INFO:root:VERSION 1.1.2


In [3]:
device = torch.device("cuda:0" if torch.cuda.is_available() else "cpu")
device

device(type='cuda', index=0)

## Parameters

There is no logic behind these, really. Go wild.

In [4]:
MODEL_NAME='tf_efficientnet_b3_ns'
N_CLASSES=15587
OUTPUT_SIZE = 1536
EMBEDDING_SIZE = 512
N_EPOCH=15
BATCH_SIZE=24
MODEL_LR = 1e-3
PCT_START=0.3
PATIENCE=5
N_WORKER=2
N_NEIGHBOURS = 1000

## Directories

We have now switched to using cropped images provided by Awsaf in the following notebook: https://www.kaggle.com/awsaf49/happywhale-cropped-dataset-yolov5. Please go give him an upvote if you like this notebook.

In [5]:
TRAIN_DIR = '../input/jpeg-happywhale-384x384/train_images-384-384/train_images-384-384'
TEST_DIR = '../input/jpeg-happywhale-384x384/test_images-384-384/test_images-384-384'
LOG_DIR = "../logs/{}".format(MODEL_NAME)
MODEL_DIR = "../models/{}".format(MODEL_NAME)

## Dataset

Create a basic dataset for loading images. 
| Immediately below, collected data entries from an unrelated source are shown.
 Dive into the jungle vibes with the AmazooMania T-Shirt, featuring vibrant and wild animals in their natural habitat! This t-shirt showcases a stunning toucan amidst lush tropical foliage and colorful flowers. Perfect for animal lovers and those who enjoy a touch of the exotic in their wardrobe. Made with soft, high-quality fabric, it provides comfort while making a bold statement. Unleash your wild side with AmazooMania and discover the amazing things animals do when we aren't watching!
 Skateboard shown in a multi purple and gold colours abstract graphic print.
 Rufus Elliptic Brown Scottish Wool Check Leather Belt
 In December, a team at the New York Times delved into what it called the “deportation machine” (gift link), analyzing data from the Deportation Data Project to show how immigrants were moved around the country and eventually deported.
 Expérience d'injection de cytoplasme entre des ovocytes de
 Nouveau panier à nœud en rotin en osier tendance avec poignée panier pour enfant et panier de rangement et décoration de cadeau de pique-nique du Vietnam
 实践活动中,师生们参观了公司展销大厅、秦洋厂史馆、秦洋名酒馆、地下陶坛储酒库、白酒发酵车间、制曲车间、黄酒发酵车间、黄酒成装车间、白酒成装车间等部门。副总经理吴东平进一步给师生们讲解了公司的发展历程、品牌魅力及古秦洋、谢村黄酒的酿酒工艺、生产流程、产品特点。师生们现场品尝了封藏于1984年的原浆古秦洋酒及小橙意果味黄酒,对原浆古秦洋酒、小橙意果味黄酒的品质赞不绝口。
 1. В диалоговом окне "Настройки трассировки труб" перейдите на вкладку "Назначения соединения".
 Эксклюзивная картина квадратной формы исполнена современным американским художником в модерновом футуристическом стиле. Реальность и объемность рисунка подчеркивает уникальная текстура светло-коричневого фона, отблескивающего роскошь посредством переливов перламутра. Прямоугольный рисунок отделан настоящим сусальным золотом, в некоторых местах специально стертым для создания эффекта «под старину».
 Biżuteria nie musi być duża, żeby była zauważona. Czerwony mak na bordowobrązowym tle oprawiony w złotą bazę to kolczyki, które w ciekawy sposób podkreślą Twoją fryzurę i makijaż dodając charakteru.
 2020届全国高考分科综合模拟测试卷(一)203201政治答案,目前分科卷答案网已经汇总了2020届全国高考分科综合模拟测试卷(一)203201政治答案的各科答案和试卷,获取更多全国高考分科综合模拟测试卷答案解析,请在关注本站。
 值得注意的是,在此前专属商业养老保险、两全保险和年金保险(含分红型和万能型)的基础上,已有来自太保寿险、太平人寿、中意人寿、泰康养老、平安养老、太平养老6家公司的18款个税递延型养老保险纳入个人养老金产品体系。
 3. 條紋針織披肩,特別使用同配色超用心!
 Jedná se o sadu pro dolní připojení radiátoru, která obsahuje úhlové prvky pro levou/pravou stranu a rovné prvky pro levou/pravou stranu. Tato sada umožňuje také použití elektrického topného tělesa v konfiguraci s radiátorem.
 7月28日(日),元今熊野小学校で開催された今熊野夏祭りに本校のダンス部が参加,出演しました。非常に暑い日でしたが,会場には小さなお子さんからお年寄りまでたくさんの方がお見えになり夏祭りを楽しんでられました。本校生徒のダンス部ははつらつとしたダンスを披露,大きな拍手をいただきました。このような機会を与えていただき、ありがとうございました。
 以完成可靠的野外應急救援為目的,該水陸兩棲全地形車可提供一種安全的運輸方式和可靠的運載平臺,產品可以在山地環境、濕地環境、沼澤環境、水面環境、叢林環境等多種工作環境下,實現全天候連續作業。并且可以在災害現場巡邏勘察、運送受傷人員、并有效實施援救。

Since we're planning to use pre-trained imagenet weights we need to normalize appropriately.

In [6]:

class HappyWhaleDataset(Dataset):
    def __init__(
        self,
        df: pd.DataFrame,
        image_dir: str,
        return_labels=True,
    ):
        self.df = df
        self.images = self.df["image"]
        self.image_dir = image_dir
        self.image_transform = Compose(
            [
                AutoAugment(AutoAugmentPolicy.IMAGENET),
                Lambda(lambda x: x / 255),
                Normalize(mean=[0.485, 0.456, 0.406], std=[0.229, 0.224, 0.225]),
                
            ]
        )
        self.return_labels = return_labels

    def __len__(self):
        return len(self.images)

    def __getitem__(self, idx):
        
        image_path = os.path.join(self.image_dir, self.images.iloc[idx])
        image = read_image(path=image_path)
        image = self.image_transform(image)
        
        if self.return_labels:
            label = self.df['label'].iloc[idx]
            return image, label
        else:
            return image


# Data Split

Load in the csv:

In [7]:
df = pd.read_csv('../input/happy-whale-and-dolphin/train.csv')
df.head()

Unnamed: 0,image,species,individual_id
0,00021adfb725ed.jpg,melon_headed_whale,cadddb1636b9
1,000562241d384d.jpg,humpback_whale,1a71fbb72250
2,0007c33415ce37.jpg,false_killer_whale,60008f293a2b
3,0007d9bca26a99.jpg,bottlenose_dolphin,4b00fe572063
4,00087baf5cef7a.jpg,humpback_whale,8e5253662392


Add a label for the classes:

In [8]:
df['label'] = df.groupby('individual_id').ngroup()
df['label'].describe()

count    51033.000000
mean      7651.356240
std       4465.552697
min          0.000000
25%       3748.000000
50%       7605.000000
75%      11443.000000
max      15586.000000
Name: label, dtype: float64

Split into training and validation:

In [9]:
valid_proportion = 0.1

valid_df = df.sample(frac=valid_proportion, replace=False, random_state=1).copy()
train_df = df[~df['image'].isin(valid_df['image'])].copy()

print(train_df.shape)
print(valid_df.shape)

(45930, 4)
(5103, 4)


Reset index on both since we want to use it for KNN lookups later:

In [10]:
train_df.reset_index(drop=True, inplace=True)
valid_df.reset_index(drop=True, inplace=True)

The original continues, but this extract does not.